On 10/26/2014 08:25 AM, Thomas Gleixner wrote:
On Thu, 23 Oct 2014, Chris Friesen wrote:
On 10/17/2014 12:55 PM, Austin Schuh wrote:
Use the 121 patch. This sounds very similar to the issue that I helped
debug with XFS. There ended up being a deadlock due to a bug in the
kernel work queues. You can search the RT archives for more info.
I can confirm that the problem still shows up with the rt121 patch. (And
also with Paul Gortmaker's proposed 3.4.103-rt127 patch.)
We added some instrumentation and it looks like we've tracked down the problem.
Figuring out how to fix it is proving to be tricky.
Basically it looks like we have a circular dependency involving the
inode->i_data_sem rt_mutex, the PG_writeback bit, and the BJ_Shadow list. It
goes something like this:
jbd2_journal_commit_transaction:
1) set page for writeback (set PG_writeback bit)
2) put jbd2 journal head on BJ_Shadow list
3) sleep on PG_writeback bit waiting for page writeback complete
ext4_da_writepages:
1) ext4_map_blocks() acquires inode->i_data_sem for writing
2) do_get_write_access() sleeps waiting for jbd2 journal head to come off
the BJ_Shadow list
At this point the flush code can't run because it can't acquire
inode->i_data_sem for reading, so the page will never get written out.
Deadlock.
Sorry, I really cannot map that sparse description to any code
flow. Proper callchains for the involved parts might help to actually
understand what you are looking for.
There are details (stack traces, etc.) in the first message in the thread:
http://www.spinics.net/lists/linux-rt-users/msg12261.html
Originally we had thought that nfsd might have been implicated somehow,
but it seems like it was just a trigger (possibly by increasing the rate
of sync I/O).
In the interest of full disclosure I should point out that we're using a
modified kernel so there is a chance that we have introduced the problem
ourselves. That said, we have not made significant changes to either
ext4 or jbd2. (Just a couple of minor cherry-picked bugfixes.)

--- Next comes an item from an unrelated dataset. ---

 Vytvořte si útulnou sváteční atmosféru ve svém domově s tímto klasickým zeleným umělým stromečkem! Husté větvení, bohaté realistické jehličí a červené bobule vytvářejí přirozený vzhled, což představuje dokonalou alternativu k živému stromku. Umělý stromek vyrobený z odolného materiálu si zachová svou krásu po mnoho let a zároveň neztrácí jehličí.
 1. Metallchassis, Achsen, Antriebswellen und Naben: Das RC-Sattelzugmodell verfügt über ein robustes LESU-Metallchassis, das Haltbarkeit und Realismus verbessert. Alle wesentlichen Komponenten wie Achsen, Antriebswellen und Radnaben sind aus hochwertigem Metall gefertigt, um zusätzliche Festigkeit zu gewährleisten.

The relevant code paths are:
Journal commit. The important thing here is that we set the
PG_writeback on a page, put the jbd2 journal head on BJ_Shadow list,
then sleep waiting for page writeback complete. If the page writeback
never completes, then the journal head never comes off the BJ_Shadow list.

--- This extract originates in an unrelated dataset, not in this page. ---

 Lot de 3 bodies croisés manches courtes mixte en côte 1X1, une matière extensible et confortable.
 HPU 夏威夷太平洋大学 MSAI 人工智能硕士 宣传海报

jbd2_journal_commit_transaction
journal_submit_data_buffers
journal_submit_inode_data_buffers
generic_writepages
set_page_writeback(page) [PG_writeback]
jbd2_journal_write_metadata_buffer
__jbd2_journal_file_buffer(jh_in, transaction, BJ_Shadow);
journal_finish_inode_data_buffers
filemap_fdatawait
filemap_fdatawait_range
wait_on_page_writeback(page)
wait_on_page_bit(page, PG_writeback) <--stuck here
jbd2_journal_unfile_buffer(journal, jh) [delete from BJ_Shadow list]
We can get to the code path below a couple of different ways (see
further down). The important stuff here is:
1) There is a code path that takes i_data_sem and then goes to sleep
waiting for the jbd2 journal head to be removed from the BJ_Shadow list.

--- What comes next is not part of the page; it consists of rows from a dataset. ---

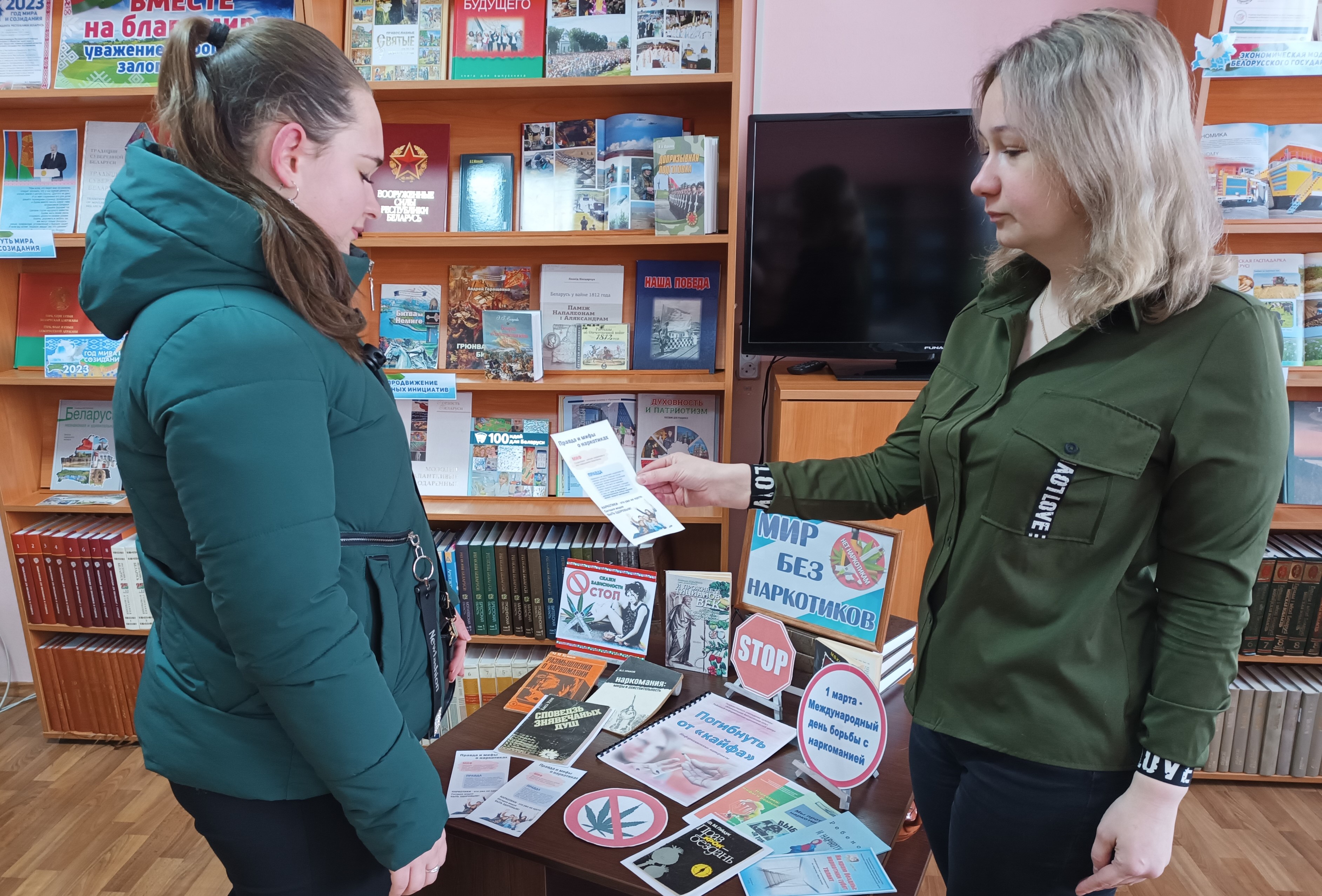 В центральной районной библиотеке в рамках районной антинаркотической межведомственной акции «Вместе против наркотиков» организована книжная информационно-профилактическая выставка «Мир без наркотиков». На выставке представлены информационные материалы и литература, посвященная наркомании как глобальной проблеме человечества, рассказывающая об опасности употребления наркотиков и правилах здорового образа жизни.
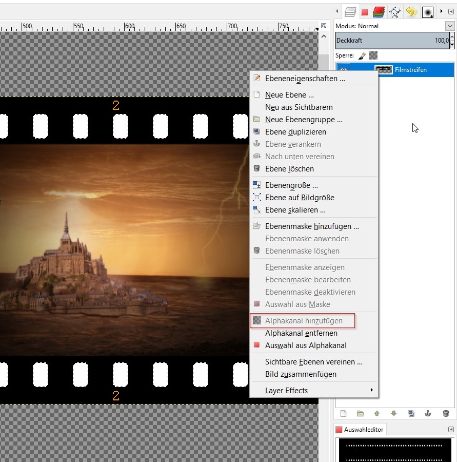 Josefia Re: Clipart FilmJosefia hat geschrieben: Ich habe dann aber noch ein bisschen Feintuning gemacht: Ich habe die Lochstreifen transparent gemacht.... das sieht toll aus! Ich hab auch alles wie von dir beschrieben so hinbekommen, einzig den Lochstreifen krieg ich nicht transparent. Verrätst du mir, wie du es gemacht hast? Vielen Dank & liebe Grüße Susi Re: Clipart FilmHallo Susi,
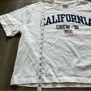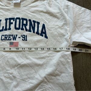 Stylish white tee with bold blue graphic print. Comfortable and trendy design. With American flag. Perfect for 4th of July or a casual summer day!
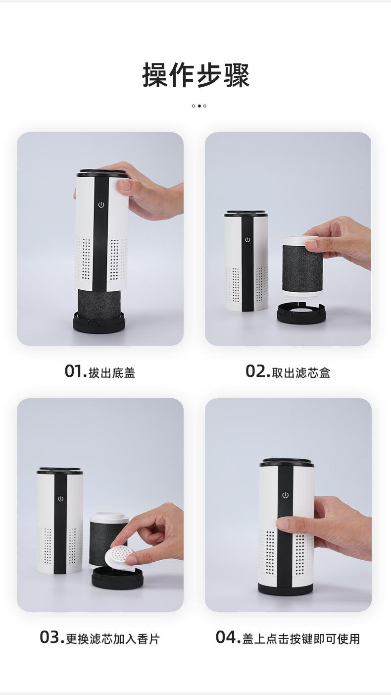| Configuración estándar del producto: | Purificador una unidad Cable de datos uno Manual en chino e inglés una copia, Tableta de aroma una | ||

If the journal head never comes off the list, the sema will never be
released.
2) ext4_map_blocks() always takes a read lock on i_data_sem. If the
sema is held by someone waiting for the journal head to come off the
list, it will block.
ext4_da_writepages
write_cache_pages_da
mpage_da_map_and_submit
ext4_map_blocks
down_read((&EXT4_I(inode)->i_data_sem))
up_read((&EXT4_I(inode)->i_data_sem))
down_write((&EXT4_I(inode)->i_data_sem))
ext4_ext_map_blocks
ext4_mb_new_blocks
ext4_mb_mark_diskspace_used
__ext4_journal_get_write_access
jbd2_journal_get_write_access
do_get_write_access
wait on BJ_Shadow list
One of the ways we end up at ext4_da_writepages() is via the page
writeback thread. If i_data_sem is already held by someone that is
sleeping, this can result in pages not getting written out.
bdi_writeback_thread
wb_do_writeback
wb_check_old_data_flush
wb_writeback
__writeback_inodes_wb
writeback_sb_inodes
writeback_single_inode
do_writepages
ext4_da_writepages
Another way to end up at ext4_da_writepages() is via sync writev()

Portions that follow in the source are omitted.